FIG. 1 — Representative histology of control (panel A) and irradiated proximal tibial growth plates is shown at 7 days (panel B) and 14 days (panel C) after initiation of fractionated irradiation totaling 17.5 Gy. Contours (yellow) identifying the morphologically defined epiphyseal chondro-osseous junction (eCOJ), reserve (RZ), proliferative (PZ), transitional (TZ), and hypertrophic zones (HZ) and metaphyseal chondro-osseous junction. Polychrome stain at original magnification of 10×; Bar is 100 μm (mCOJ).

FIG. 4 — Zonal and total growth plate height. No temporal differences were observed in the control limbs, so measurements from the control limbs were pooled, and the data presented reflect the means ± SD for 24 animals. For the irradiated limbs, data reflect the means ± SD for three tibiae per time.

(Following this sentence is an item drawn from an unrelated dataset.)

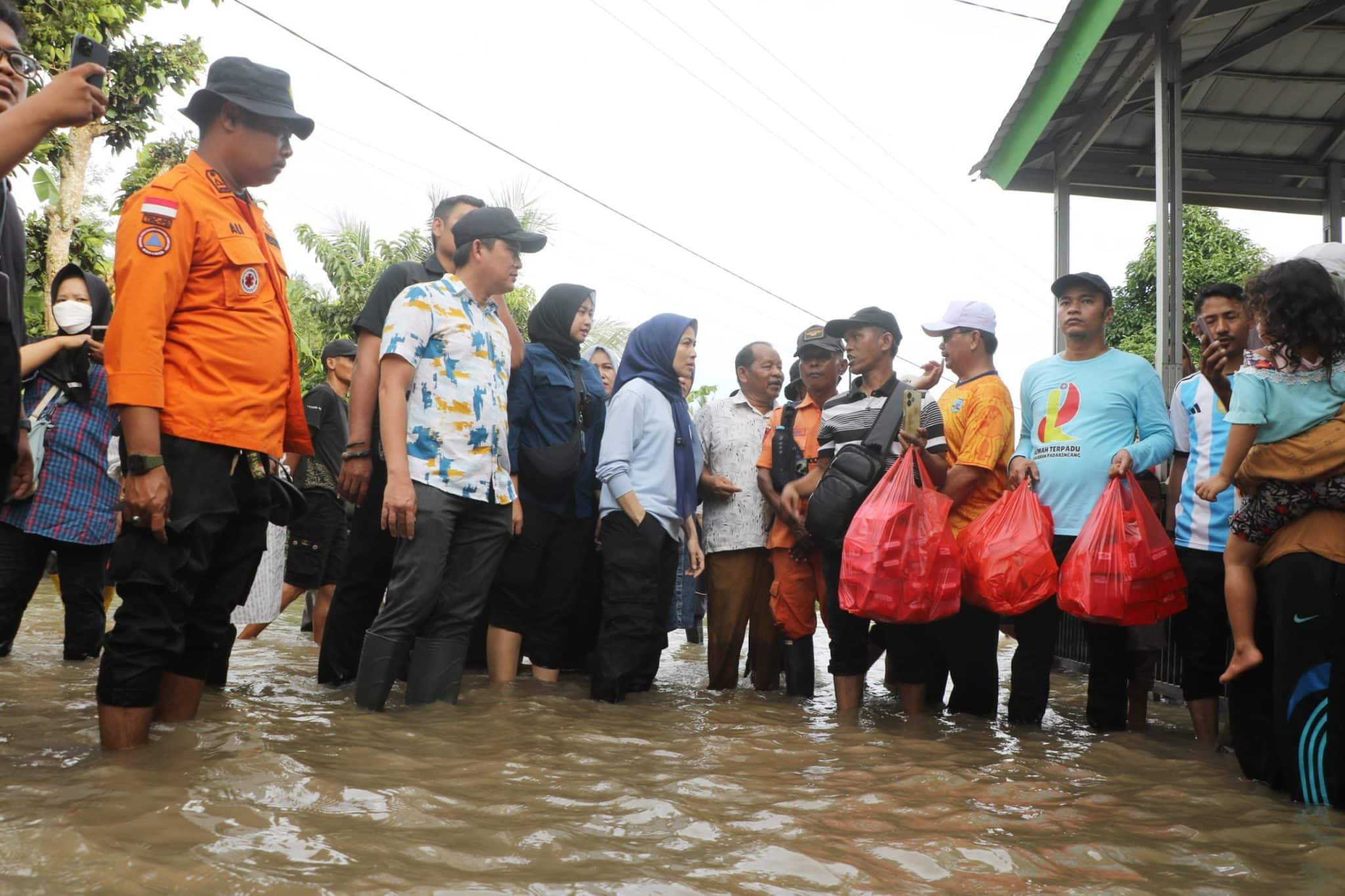 Kemudian, Ratu Zakiyah melanjutkan menyusuri banjir dengan ketinggian air selutut orang dewasa yang masih merendam ratusan rumah di Kampung Kajeroan, sejak Rabu, 17 Desember 2025 malam. Terlihat, warga lebih memilih bertahan di rumahnya masing-masing meski sulit untuk beraktivitas.

For the clonal analysis, chondrocytic colonies consisting of more than eight adjacent cellular profiles in serial section were considered a single clonal expansion in the irradiated growth plates. This minimum cell number indicates an expansion that has completed at least three successive mitotic cycles, thus representing a progeny of viable cells descended from a common progenitor cell (19). These colonies were generally observed in serial sections as conical expansions of chondrocytes with epiphyseal to metaphyseal polarity and were observed as early as the seventh day after the initial radiation exposure. Numerical density of clones (Nv_clone) was determined using the disector method adapted for vertical uniform random sections of growth cartilage (16). This estimation procedure was previously validated using Cruz-Orives’s number counting method (20) from which the disector is mathematically derived. In this analysis, an individual clonal structure is regarded as a single object in a volume of aggregate tissue (19, 21). Nv_clone was estimated as the number of individual clones counted in a volume of irradiated tissue sampled at serial 80-μm intervals. The average volume of individual clonal condensations, V_clone, was estimated as the sum of the products of clone profile areas determined by point counting in serial sections and the sampling interval thickness for each colony identified (21).

To determine growth plate proliferative activity, we calculated an index of BrdU immunoreactivity in ethanol-fixed distal femoral growth plates as follows. First, antigen retrieval based on the technique of Baroukh et al. (22) was performed by treatment with 0.1% trypsin for 30 min at 37°C in a humid chamber followed by further treatment with 2 M HCl for 30 min. Non-specific binding was blocked by incubation in 0.1 M phosphate-buffered saline (PBS, pH 7.0) with 10% normal horse serum and 2% bovine serum albumin for 1 h. Then the slides were incubated overnight at 4°C with a mouse anti-BrdU antibody (1:100, Becton Dickinson, San Jose CA) diluted in blocking buffer. The next day all sections were washed in PBS and incubated with a biotinylated anti-mouse IgG (1:200, Vector Laboratories, Burlingame, CA) diluted in blocking buffer. Horseradish peroxidase-conjugated avidin was then used to detect the secondary antibody (ABC Elite Kit, Vector Laboratories), visualized with DAB as the chromogen (Vector Laboratories), and counterstained with 2% methyl green, and sections were covered with cover slips. From these sections, we calculated an index of BrdU incorporation by determining the proportion of BrdU-labeled nuclear profiles per total cellular profile (9, 23). Since the 5-μm-thick sections used for this assay were less than one cell diameter in thickness, this index was adjusted to account for the probability of observing a nucleated cellular profile within any randomly selected cell profile (23). The correction factor for this experiment was 0.715.

Statistical comparisons were made between the subgroups. ANOVA with Fisher’s PLSD was used within limbs to demonstrate temporal differences, and Student’s paired t test was used to determine the significance of pairwise differences between limbs at each time using StatView 5.0.1 (SAS Institute, Cary, NC). For both tests, differences were considered significant when P ≤ 0.05. Data presented reflect the mean value determined from three animals and the standard deviations.

RESULTS

Qualitative Effects

The overall effects of this fractionated regimen of irradiation of the growth plate produced very subtle histomorphological changes (Fig. 1). However, compared to the control left proximal tibial growth plate, there was a subtle decrease in cellularity and, conversely, a relative increase in the area fraction of the growth plate comprised of matrix was most evident at 1 week.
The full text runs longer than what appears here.